Der außenpolitische Aspekt des Problems J&K betrifft Pakistan. Der Konflikt mit Pakistan reicht zurück bis ins Jahr 1947, dem Jahr der Unabhängigkeit und der Teilung Indiens. Seitdem haben die beiden Länder zwei Kriege über J&K geführt. Sogar in Friedenszeiten zanken sich Indien und Pakistan über den Bundesstaat. Regelmäßige rhetorische Seitenhiebe und reflexhafte Phrasen – von beiden Seiten – halten den Streit am Köcheln. Kürzlich erklärte Tasnim Aslam, Sprecher des pakistanischen Außenministeriums, J&K sei „umstrittenes Territorium“ und kein Bestandteil Indiens. Er fügte hinzu, Pakistan könne den Anschluss von J&K an Indien nicht akzeptieren, da kein Referendum stattgefunden habe, in dem die Bürger wählen konnten, ob Kashmir zu Indien oder zu Pakistan gehören soll. Die Hindustan Times nannte diese Erklärung einen Rückschritt in den indisch-pakistanischen Beziehungen:

„Das ist aus mehreren Gründen sehr schlechte Politik. Erstens ist diese Art von Rhetorik wenig hilfreich für Modi, der in seiner Regierung Hardliner hat, bezüglich der J&K Frage, sowie die Sangh parivar (Hindu-Nationalisten, A.d.Ü.) zufrieden stellen muss und gleichzeitig versucht, die Beziehungen zu Pakistan zu normalisieren. Da säen solche Bemerkungen Zweifel in Indien über Islamabads Interesse an bilateralen Beziehungen.”[4]

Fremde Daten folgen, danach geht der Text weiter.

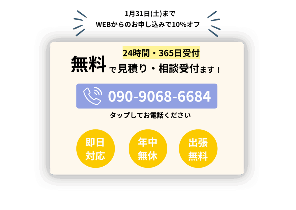 お電話またはお見積りフォームからご連絡ください。現地は弊社スタッフが訪問し、詳細なお見積りを作成してお届けします。
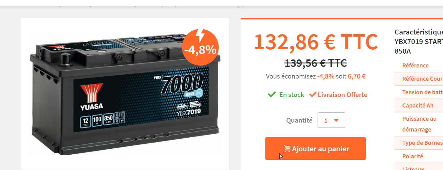 https://www.batteryset.com/batteries-au ... 37573.html La voiture à redémarrée après quelques heure de charge mais elle est HS et je pense d'origine de 2013 c'est une Fiam 100Ah 850A
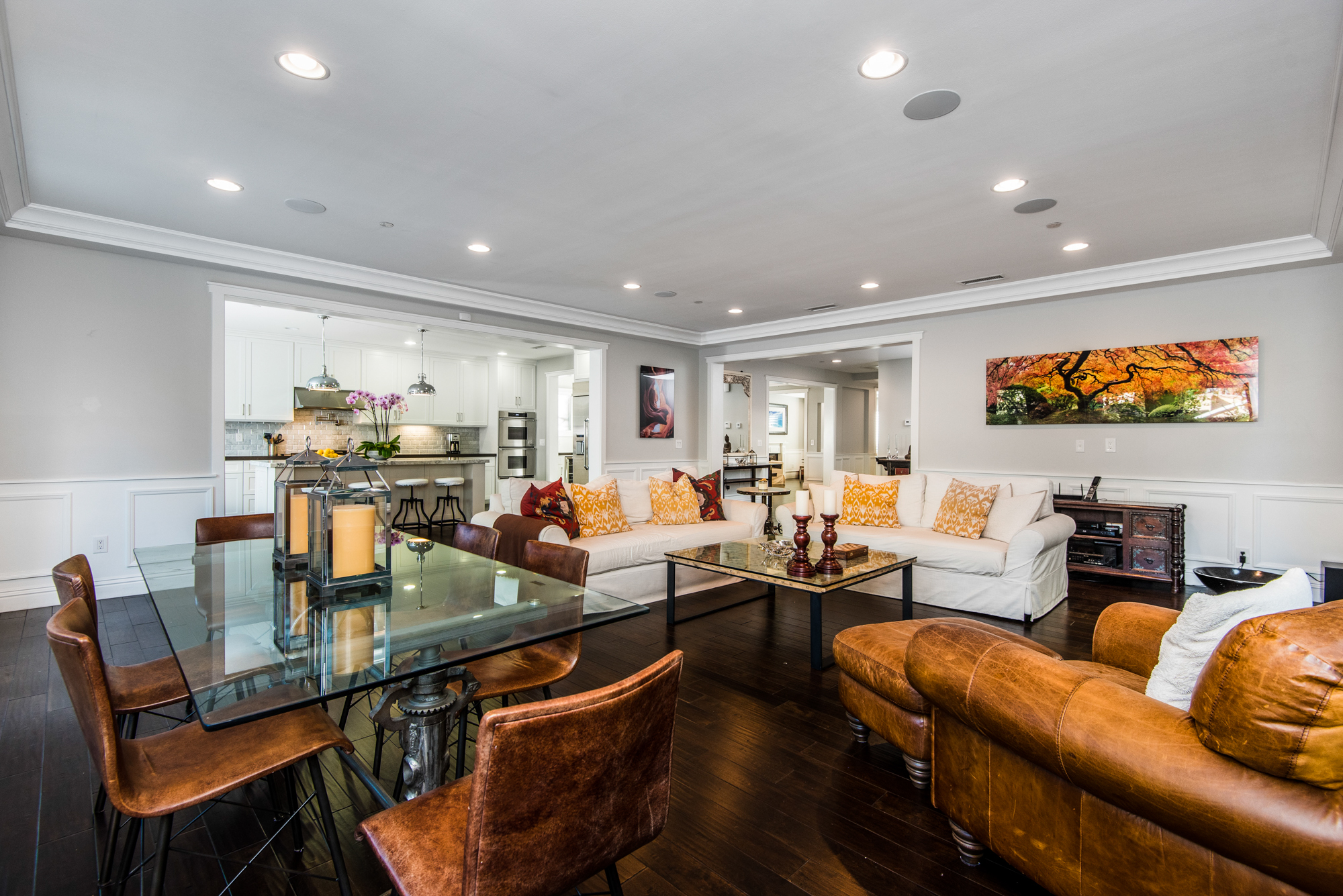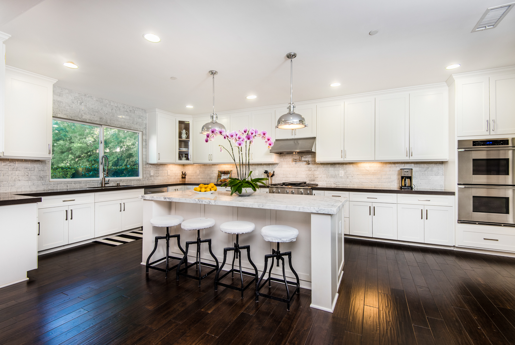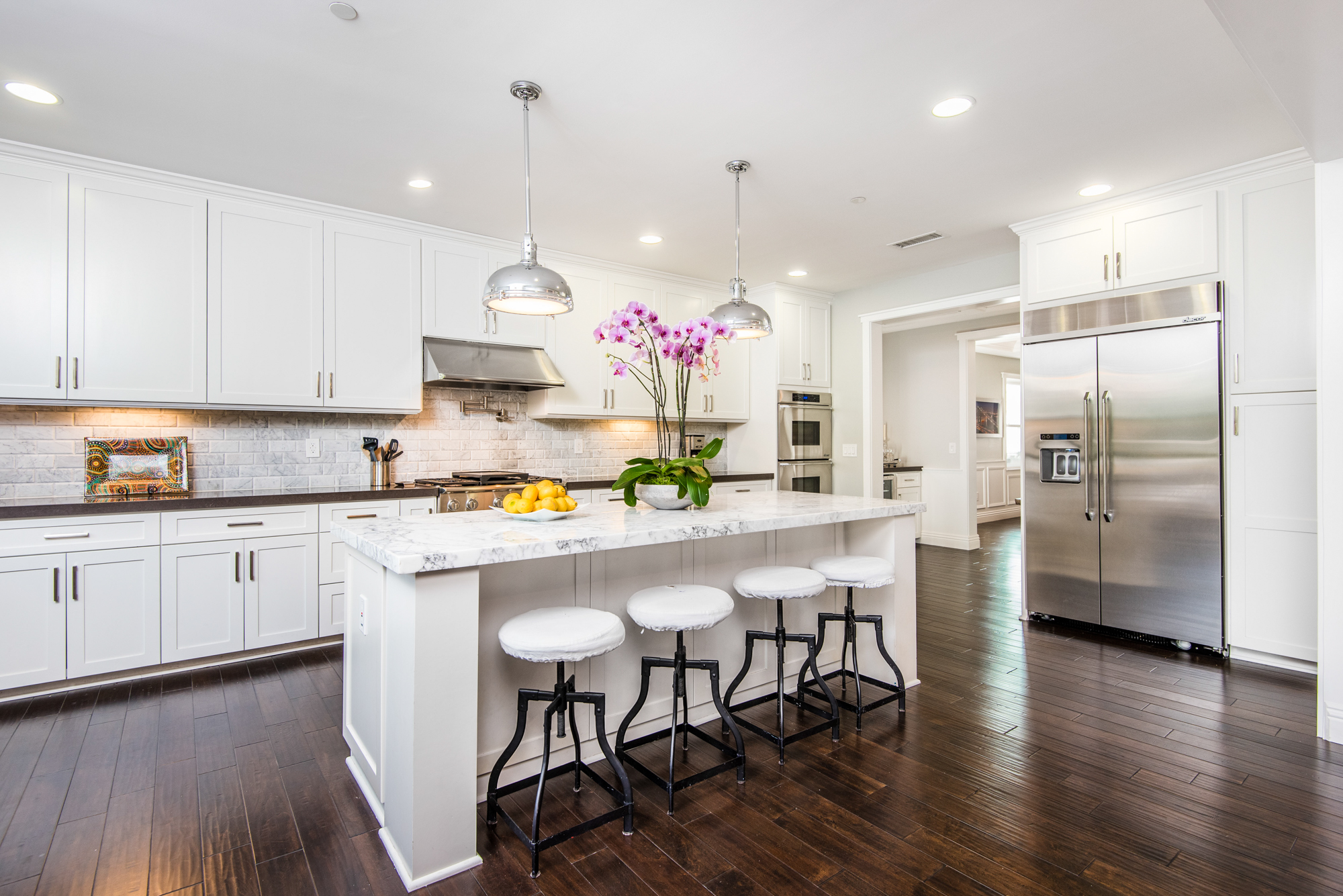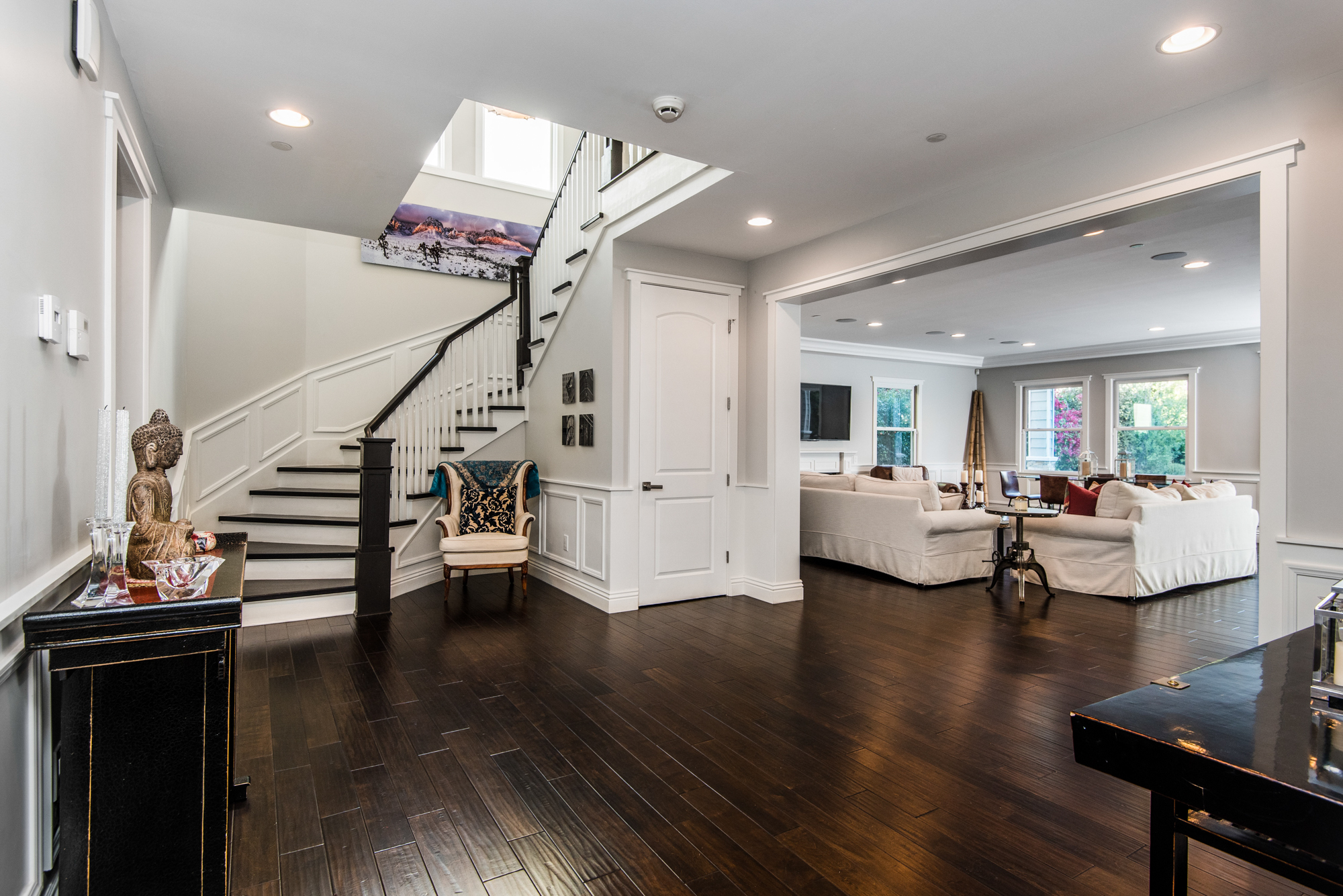 Immaculate newer construction 2 story Cape Cod family home located in the highly sought after "Footbridge Square" neighborhood and the award winning Carpenter School District. Walking distance to Ventura Blvd and the best shopping and restaurants Studio City has to offer. This custom home feels new from the moment you enter the front door. The many custom features include coffered and tray ceiling, wainscot paneling, custom moldings, hardwood floors and plantation shutters throughout. Formal living room and Dining room, dramatic open staircase with 2 story ceilings and windows that provide an abundance of natural light. The extra large gourmet kitchen features Dacor appliances, marble & quartz surfaces, a butlers pantry, and conveniently opens to the spacious entertainers family room. The master suite features a fireplace, dual walk-in closets, opulent bathroom with double sinks, spa tub and over-sized shower. The Oasis back yard features an open trellis patio area, pool & spa, BBQ area, and lushly landscaped grounds with lighting and grassy areas, ideal for outdoor living and entertaining.
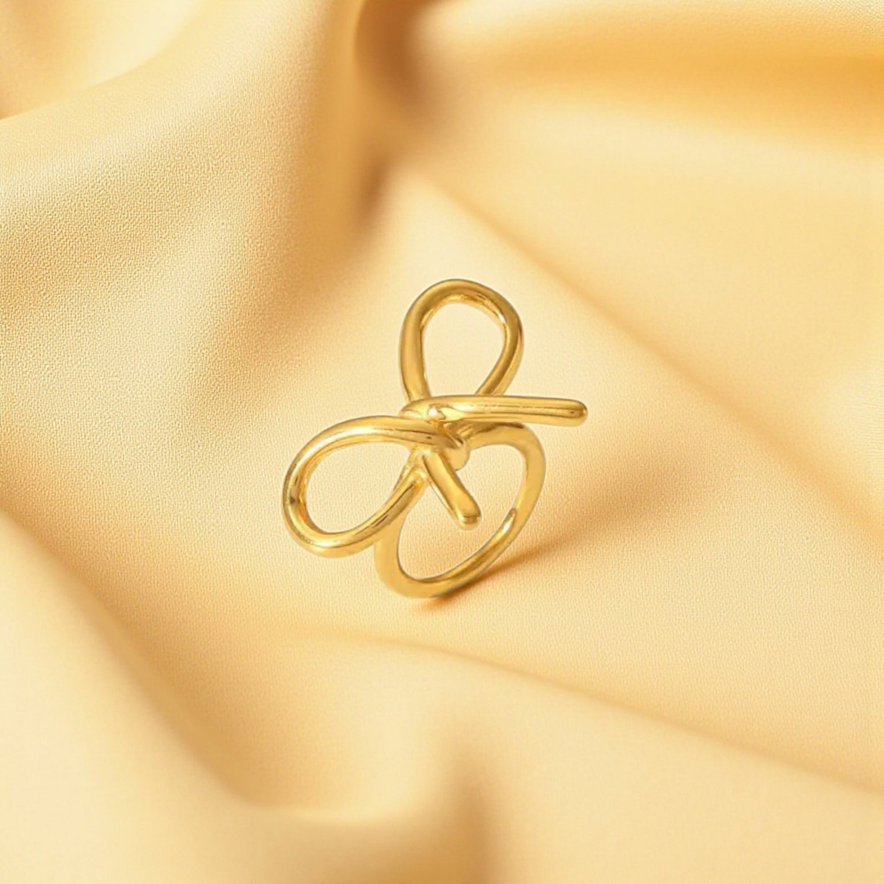 Elegância grega em aço inoxidável com banho de ouro 18k premium. Design com laço que combina tradição e modernidade.
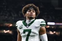 FILE - New York Jets quarterback Justin Fields warms up before an NFL football game against the New Orleans Saints on Dec. 21, 2025, in New Orleans. (AP Photo/Ella Hall, File)
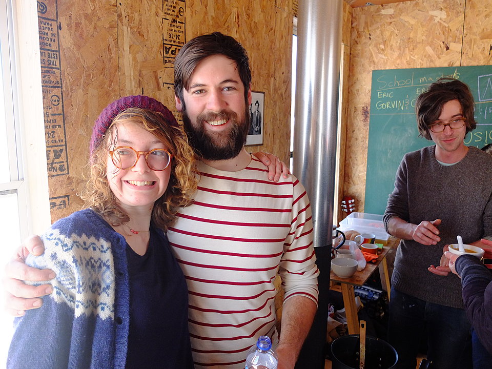 Fresh from teaching a class in the One Room Schooolhouse, Anthony Warnick, outfitted in a seasonally appropriate beard and warming himself beside a woodburning stove, discussed the project one weekend in late January. Generators or electricity aren’t permitted in artists’ shanties, which makes his class all the more unique: sans computer, he used a chalkboard to lead a session on HTML, the markup language used to build web pages.
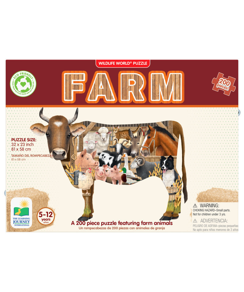 The Wildlife World Puzzle Series by The Learning Journey takes learning about Wildlife to a new level. This unique puzzle, both in shape and content, will have kids learning about natural habitats and more. This 200 piece Farm puzzle is shaped as a cow and introduces the environment on the farmlands. This 200-piece puzzle will help develop problem solving skills, spike interest, and expand knowledge of different environments. The colors and patterns of the barnyard animals are beautiful and fascinating! The puzzle measures approximately 3' x 2'! Eco Friendly design is made from 70% recycled paper. Ages 5-12 years.

Angesichts der Komplexität des Konflikts und der Empfindlichkeiten der Beteiligten muss die neue Regierung innenpolitisch ausgesprochen vorsichtig agieren und einen Konsens bilden, insbesondere in Bezug auf J&K. Die J&K Status-Frage ist mit juristischen Details überfrachtet und die Verfassungsexperten sind geteilter Meinung, ob das Parlament Artikel 370 überhaupt abschaffen kann. Der außenpolitische Aspekt des Problems muss bilateral mit Pakistan gelöst werden, bevor der Streit endgültig beigelegt werden kann.

Entwicklung kontra Umwelt

Auch die Debatte zur Balance zwischen Umwelt und Entwicklung geht weiter. Die neue Regierung muss zu einem durchgesickerten Geheimdienst-Bericht Stellung nehmen, in dem behauptet wird, bestimmte NROs behinderten mit ihren Protesten gegen Industrie- und Staudammprojekte, sowie Kernkraftwerke die wirtschaftliche Entwicklung Indiens. Im Land wird debattiert, ob das tatsächlich so ist, oder ob solche NROs den Fortschritt der Zivilgesellschaft fördern. Im Financial Express hieß es dazu: „Es liegt nun mal in der Natur der Sache, dass Aktivisten, ganz gleich, ob sie aus Indien oder aus dem Ausland finanziert werden, einseitige Positionen beziehen, die der Regierung/Industrie, die Großprojekte durchdrücken möchten, lästig sind. Ebenso wahr ist auch, dass viele der NRO-Themen — zum Beispiel Renaturierung — wichtig sind und ernst genommen werden müssen.”[5]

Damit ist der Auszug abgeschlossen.